An open API service indexing awesome lists of open source software.

https://github.com/modeltc/mqbench-paper


https://github.com/modeltc/mqbench-paper

Last synced: 11 months ago
JSON representation

Awesome Lists containing this project

README

          

# MQBench: Towards Reproducible and Deployable Model Quantization Benchmark

We propose a benchmark to evaluate different quantization algorithms on various settings. MQBench is a first attempt to evaluate, analyze, and benchmark the reproducibility and deployability for model quantization algorithms. We choose multiple different platforms for real-world deployments, including CPU, GPU, ASIC, DSP, and evaluate extensive state-of-the-art quantization algorithms under a unified training pipeline. MQBench acts like a bridge to connect the algorithm and the hardware. We conduct a comprehensive analysis and find considerable intuitive or counter-intuitive insights.

## Table of Contents

- [Table of Contents](https://github.com/TheGreatCold/mqbench#table-of-contents)
- [Highlighted Features](https://github.com/TheGreatCold/mqbench#highlighted-features)
- [Installation](https://github.com/TheGreatCold/mqbench#installation)
- [How to self-implement a quantization algorithm](https://github.com/TheGreatCold/mqbench#how-to-self-implement-a-quantization-algorithm)
- [How to self-implement a hardware configuration](https://github.com/TheGreatCold/mqbench#how-to-self-implement-a-hardware-configuration)
- [Submitting Your Results to MQBench](https://github.com/TheGreatCold/mqbench#submitting-your-results-to-mqbench)
- [Lisence](https://github.com/TheGreatCold/mqbench#license)

## Highlighted Features

+ Integrate with the latest tracing techniques in [Pytorch](https://pytorch.org/) 1.8.

+ Quantization Algorithms

+ Learned Step Size Quantization: https://arxiv.org/abs/1902.08153
+ Quantization Interval Learning: https://arxiv.org/abs/1808.05779
+ Differentiable Soft Quantization: https://arxiv.org/abs/1908.05033
+ Parameterized Clipping AcTivation: https://arxiv.org/abs/1805.06085
+ Additive Powers-of-Two Quantization: https://arxiv.org/abs/1909.13144
+ DoReFa-Net: https://arxiv.org/abs/1606.06160

+ Network Architectures:

+ ResNet-18, ResNet-50: https://arxiv.org/abs/1512.03385
+ MobileNetV2: https://arxiv.org/abs/1801.04381
+ EfficienteNet-Lite-B0: https://blog.tensorflow.org/2020/03/higher-accuracy-on-vision-models-with-efficientnet-lite.html
+ RegNetX-600GF: https://arxiv.org/abs/2003.13678

+ Hardware Platform:

| Library | Haware Type | s Form | Granularity | Symmetry | Fold BN |
| -------- | ----------- | ------ | ----------- | ---------- | -------- |
| Academic | None | FP32 | Per-tensor | Symmetric | No |
| TensorRT | GPU | FP32 | Per-channel | Symmetric | Yes |
| ACL | ASIC | FP32 | Per-channel | Asymmetric | Yes |
| TVM | ARM CPU | POT | Per-tensor | Symmetric | Yes |
| SNPE | DSP | FP32 | Per-tensor | Asymmetric | Yes |
| FBGEMM | X86 CPU | FP32 | Per-channel | Asymmetric | Yes |

## Installation

These instructions will help get MQBench up.

1. Clone MQBench.

2. (Optionally) Create a Python virtual environment.

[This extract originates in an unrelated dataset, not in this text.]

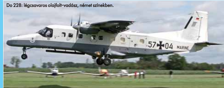
Do 228: légszavaras olajfolt-vadász, német színekben.

Szintén a német haditengerészettől érkezik a másik „ismeretlen”, a Dornier Do 228-as repülőgép is. A turboprop típus két példánya a tengeri szennyöződések felderítésében jeleskedik. A gépet kifejezetten rövid fel- és leszállások végrehajtására, könnyű teher- és személyszállítási feladatokra tervezte a Dornier Repülőgépgyár. A típust Németországban 1981 és 1998 között gyártották. A haditengerészet két Do 228 LM változatú gépe a 3. „Graf Zeppelin” századnál szolgál. Fedélzetén oldalra néző radarrendszer, infravörös, lézert és ultravioleta fénytartományban működő érzékelő, illetve repülés közben levegőmintákat készítő eszköz is dolgozik. A gépek az Északi- és a Balti-tenger hajóforgalmát, a hajók esetleges szennyeződéseit követik nyomon, egy felzárkóval legfeljebb 2800 kilométeres hatósugárban.

3. Install the MQBench-required packages

`$ pip install -r requirements.txt`

Notes: MQBench uses Pytorch-1.8, our quantized model is based on the new `torch.fx` tracing techniques.

4. MQBench use the Pytorch distributed data-parallel training with `nccl` backend (see details [here](https://pytorch.org/docs/stable/distributed.html#torch.distributed.init_process_group)), please make sure your machine can initailize that distributed learning environment.

## How to Reproduce MQBench

We provide the running scripts `run.sh` and configuration file `config.yaml` of all experiments in MQBench.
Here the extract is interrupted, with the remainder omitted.